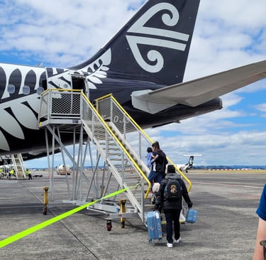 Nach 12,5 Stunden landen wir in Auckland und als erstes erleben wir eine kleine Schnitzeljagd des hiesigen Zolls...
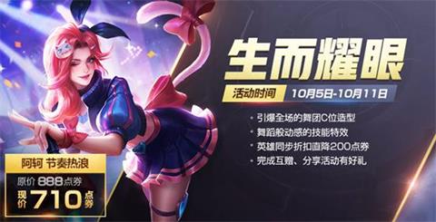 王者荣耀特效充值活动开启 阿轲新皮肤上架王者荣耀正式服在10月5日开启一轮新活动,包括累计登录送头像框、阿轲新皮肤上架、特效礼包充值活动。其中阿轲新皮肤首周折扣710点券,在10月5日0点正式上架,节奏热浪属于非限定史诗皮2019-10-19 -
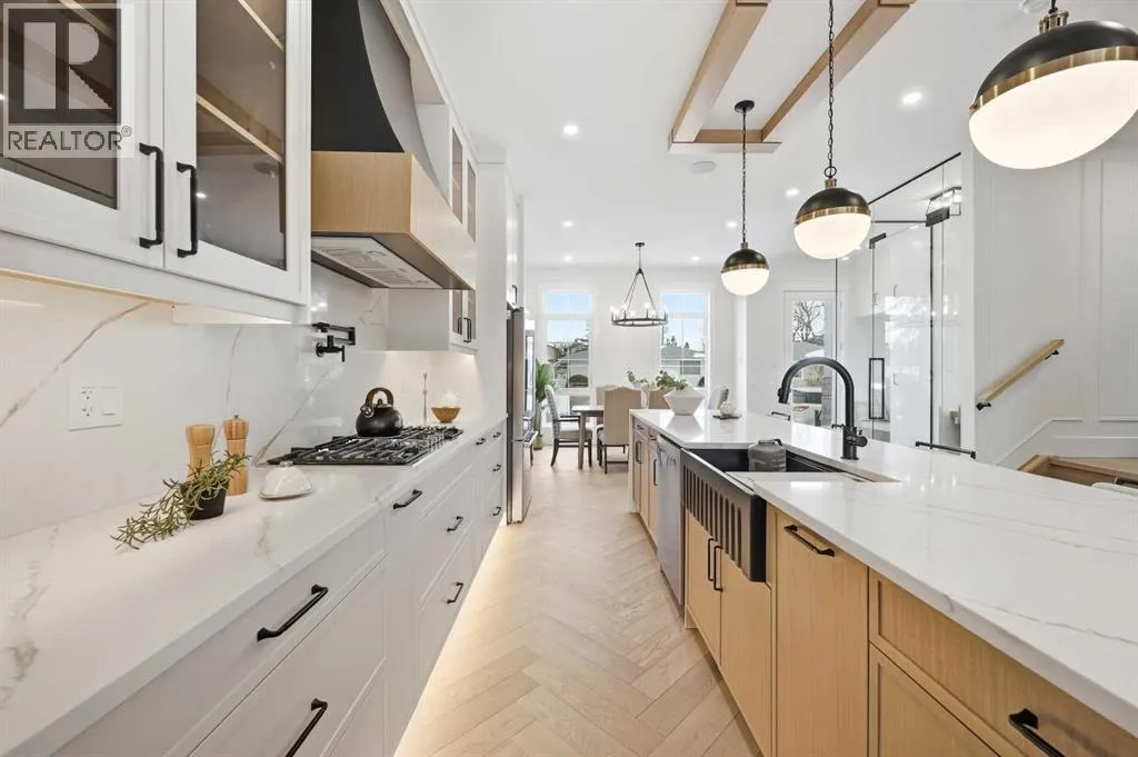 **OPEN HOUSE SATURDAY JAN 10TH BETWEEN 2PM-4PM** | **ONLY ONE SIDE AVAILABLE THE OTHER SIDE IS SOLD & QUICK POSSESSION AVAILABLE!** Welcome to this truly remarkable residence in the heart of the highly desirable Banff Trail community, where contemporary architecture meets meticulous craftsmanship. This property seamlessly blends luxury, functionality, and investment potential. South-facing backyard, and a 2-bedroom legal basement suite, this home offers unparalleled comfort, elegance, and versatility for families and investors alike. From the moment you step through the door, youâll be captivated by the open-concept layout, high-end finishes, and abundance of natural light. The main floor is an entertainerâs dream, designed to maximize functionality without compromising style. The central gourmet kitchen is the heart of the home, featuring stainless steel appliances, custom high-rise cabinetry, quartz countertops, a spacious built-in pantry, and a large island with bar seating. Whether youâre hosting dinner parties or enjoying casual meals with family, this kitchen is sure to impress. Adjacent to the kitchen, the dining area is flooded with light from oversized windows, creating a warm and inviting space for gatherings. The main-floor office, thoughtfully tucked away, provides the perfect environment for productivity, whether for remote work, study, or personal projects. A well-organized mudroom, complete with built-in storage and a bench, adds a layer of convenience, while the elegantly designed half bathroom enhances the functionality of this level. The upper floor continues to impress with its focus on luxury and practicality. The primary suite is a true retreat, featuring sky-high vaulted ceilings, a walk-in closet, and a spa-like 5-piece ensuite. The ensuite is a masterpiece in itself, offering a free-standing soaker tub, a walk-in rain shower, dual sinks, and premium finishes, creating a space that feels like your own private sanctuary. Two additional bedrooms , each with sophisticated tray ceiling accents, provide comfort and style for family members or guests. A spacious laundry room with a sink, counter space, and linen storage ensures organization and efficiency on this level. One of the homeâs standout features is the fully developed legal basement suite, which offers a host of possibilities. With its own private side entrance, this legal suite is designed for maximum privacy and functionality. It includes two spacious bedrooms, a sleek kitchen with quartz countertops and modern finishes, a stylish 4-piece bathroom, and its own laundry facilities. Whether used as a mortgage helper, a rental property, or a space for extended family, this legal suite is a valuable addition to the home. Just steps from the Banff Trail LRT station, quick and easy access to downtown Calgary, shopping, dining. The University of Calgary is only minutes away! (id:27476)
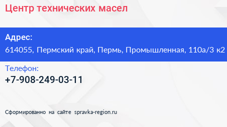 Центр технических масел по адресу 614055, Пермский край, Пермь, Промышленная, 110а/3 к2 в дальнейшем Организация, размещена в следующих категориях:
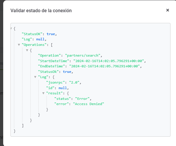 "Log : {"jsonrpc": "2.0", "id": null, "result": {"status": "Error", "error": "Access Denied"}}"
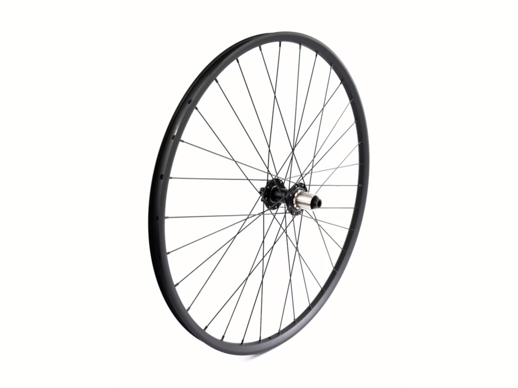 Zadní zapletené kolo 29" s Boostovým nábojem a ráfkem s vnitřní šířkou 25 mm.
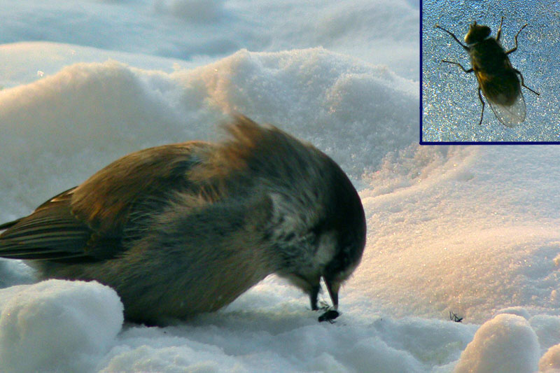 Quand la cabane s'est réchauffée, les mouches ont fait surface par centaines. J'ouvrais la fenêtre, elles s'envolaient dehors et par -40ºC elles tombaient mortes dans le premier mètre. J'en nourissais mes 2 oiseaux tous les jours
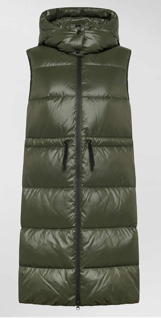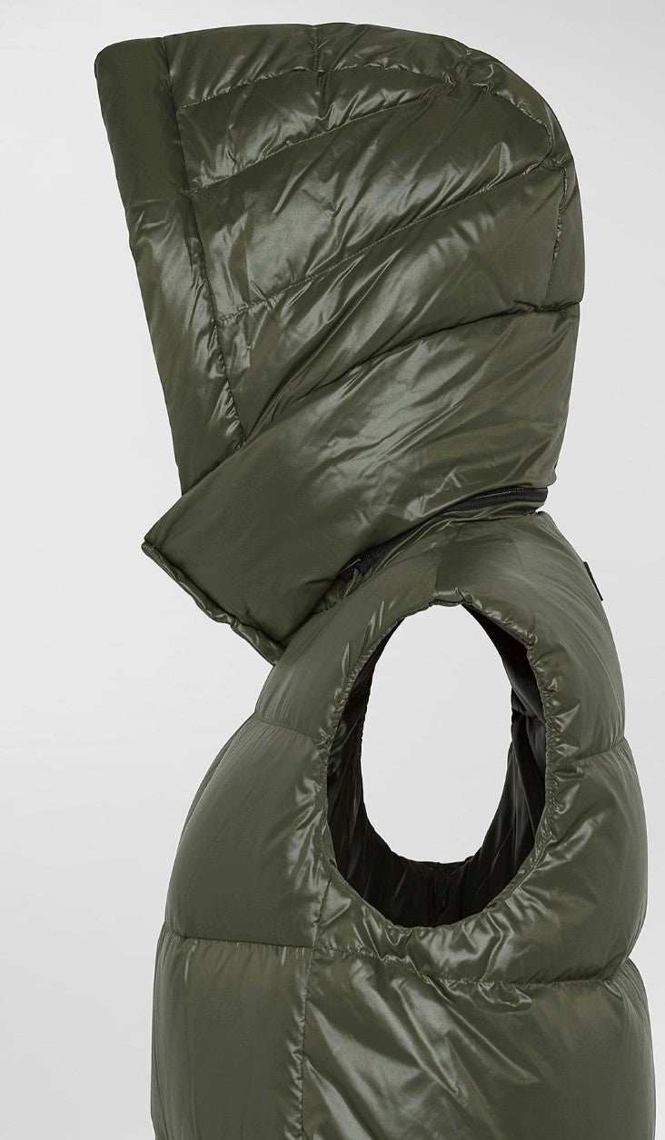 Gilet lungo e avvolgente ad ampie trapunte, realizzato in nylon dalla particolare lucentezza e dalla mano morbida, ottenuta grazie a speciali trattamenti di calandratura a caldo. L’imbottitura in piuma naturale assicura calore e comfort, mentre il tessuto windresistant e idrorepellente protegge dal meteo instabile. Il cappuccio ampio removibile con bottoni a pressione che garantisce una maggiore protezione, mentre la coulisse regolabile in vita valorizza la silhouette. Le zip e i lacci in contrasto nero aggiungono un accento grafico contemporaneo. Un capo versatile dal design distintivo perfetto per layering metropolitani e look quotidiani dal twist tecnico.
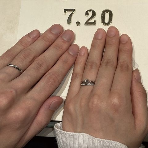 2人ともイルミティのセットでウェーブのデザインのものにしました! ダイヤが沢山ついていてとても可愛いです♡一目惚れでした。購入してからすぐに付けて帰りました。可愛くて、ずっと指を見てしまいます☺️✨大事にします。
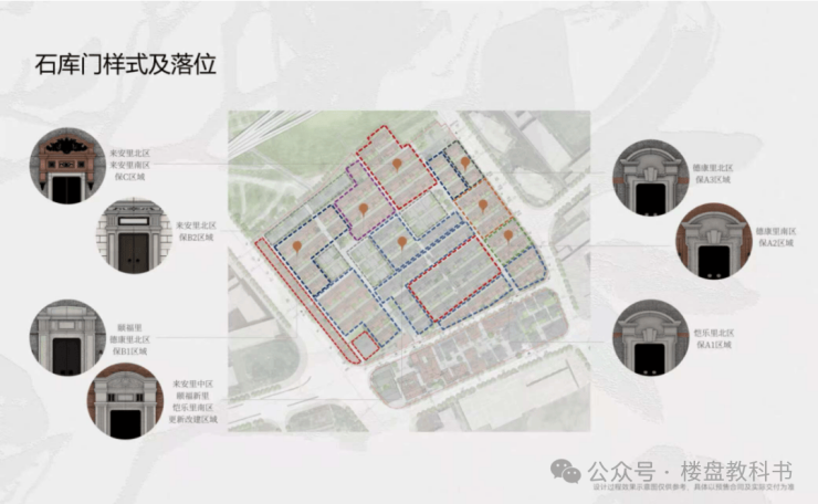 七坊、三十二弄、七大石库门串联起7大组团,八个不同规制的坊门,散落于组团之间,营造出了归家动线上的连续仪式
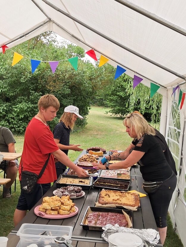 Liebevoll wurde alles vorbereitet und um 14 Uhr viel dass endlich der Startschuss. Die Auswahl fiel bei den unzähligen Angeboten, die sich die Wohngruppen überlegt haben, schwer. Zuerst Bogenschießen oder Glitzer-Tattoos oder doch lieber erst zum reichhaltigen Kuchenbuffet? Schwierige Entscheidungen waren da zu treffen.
────────────────
- [WORK TASK]: Give back the whole listing exactly as written. Do not include any picture.

- [COMPLETED EXERCISE]:
 Nach 12,5 Stunden landen wir in Auckland und als erstes erleben wir eine kleine Schnitzeljagd des hiesigen Zolls...
 王者荣耀特效充值活动开启 阿轲新皮肤上架王者荣耀正式服在10月5日开启一轮新活动,包括累计登录送头像框、阿轲新皮肤上架、特效礼包充值活动。其中阿轲新皮肤首周折扣710点券,在10月5日0点正式上架,节奏热浪属于非限定史诗皮2019-10-19 -
 **OPEN HOUSE SATURDAY JAN 10TH BETWEEN 2PM-4PM** | **ONLY ONE SIDE AVAILABLE THE OTHER SIDE IS SOLD & QUICK POSSESSION AVAILABLE!** Welcome to this truly remarkable residence in the heart of the highly desirable Banff Trail community, where contemporary architecture meets meticulous craftsmanship. This property seamlessly blends luxury, functionality, and investment potential. South-facing backyard, and a 2-bedroom legal basement suite, this home offers unparalleled comfort, elegance, and versatility for families and investors alike. From the moment you step through the door, youâll be captivated by the open-concept layout, high-end finishes, and abundance of natural light. The main floor is an entertainerâs dream, designed to maximize functionality without compromising style. The central gourmet kitchen is the heart of the home, featuring stainless steel appliances, custom high-rise cabinetry, quartz countertops, a spacious built-in pantry, and a large island with bar seating. Whether youâre hosting dinner parties or enjoying casual meals with family, this kitchen is sure to impress. Adjacent to the kitchen, the dining area is flooded with light from oversized windows, creating a warm and inviting space for gatherings. The main-floor office, thoughtfully tucked away, provides the perfect environment for productivity, whether for remote work, study, or personal projects. A well-organized mudroom, complete with built-in storage and a bench, adds a layer of convenience, while the elegantly designed half bathroom enhances the functionality of this level. The upper floor continues to impress with its focus on luxury and practicality. The primary suite is a true retreat, featuring sky-high vaulted ceilings, a walk-in closet, and a spa-like 5-piece ensuite. The ensuite is a masterpiece in itself, offering a free-standing soaker tub, a walk-in rain shower, dual sinks, and premium finishes, creating a space that feels like your own private sanctuary. Two additional bedrooms , each with sophisticated tray ceiling accents, provide comfort and style for family members or guests. A spacious laundry room with a sink, counter space, and linen storage ensures organization and efficiency on this level. One of the homeâs standout features is the fully developed legal basement suite, which offers a host of possibilities. With its own private side entrance, this legal suite is designed for maximum privacy and functionality. It includes two spacious bedrooms, a sleek kitchen with quartz countertops and modern finishes, a stylish 4-piece bathroom, and its own laundry facilities. Whether used as a mortgage helper, a rental property, or a space for extended family, this legal suite is a valuable addition to the home. Just steps from the Banff Trail LRT station, quick and easy access to downtown Calgary, shopping, dining. The University of Calgary is only minutes away! (id:27476)
 Центр технических масел по адресу 614055, Пермский край, Пермь, Промышленная, 110а/3 к2 в дальнейшем Организация, размещена в следующих категориях:
 "Log : {"jsonrpc": "2.0", "id": null, "result": {"status": "Error", "error": "Access Denied"}}"
 Zadní zapletené kolo 29" s Boostovým nábojem a ráfkem s vnitřní šířkou 25 mm.
 Quand la cabane s'est réchauffée, les mouches ont fait surface par centaines. J'ouvrais la fenêtre, elles s'envolaient dehors et par -40ºC elles tombaient mortes dans le premier mètre. J'en nourissais mes 2 oiseaux tous les jours
 Gilet lungo e avvolgente ad ampie trapunte, realizzato in nylon dalla particolare lucentezza e dalla mano morbida, ottenuta grazie a speciali trattamenti di calandratura a caldo. L’imbottitura in piuma naturale assicura calore e comfort, mentre il tessuto windresistant e idrorepellente protegge dal meteo instabile. Il cappuccio ampio removibile con bottoni a pressione che garantisce una maggiore protezione, mentre la coulisse regolabile in vita valorizza la silhouette. Le zip e i lacci in contrasto nero aggiungono un accento grafico contemporaneo. Un capo versatile dal design distintivo perfetto per layering metropolitani e look quotidiani dal twist tecnico.
 2人ともイルミティのセットでウェーブのデザインのものにしました! ダイヤが沢山ついていてとても可愛いです♡一目惚れでした。購入してからすぐに付けて帰りました。可愛くて、ずっと指を見てしまいます☺️✨大事にします。
 七坊、三十二弄、七大石库门串联起7大组团,八个不同规制的坊门,散落于组团之间,营造出了归家动线上的连续仪式
 Liebevoll wurde alles vorbereitet und um 14 Uhr viel dass endlich der Startschuss. Die Auswahl fiel bei den unzähligen Angeboten, die sich die Wohngruppen überlegt haben, schwer. Zuerst Bogenschießen oder Glitzer-Tattoos oder doch lieber erst zum reichhaltigen Kuchenbuffet? Schwierige Entscheidungen waren da zu treffen.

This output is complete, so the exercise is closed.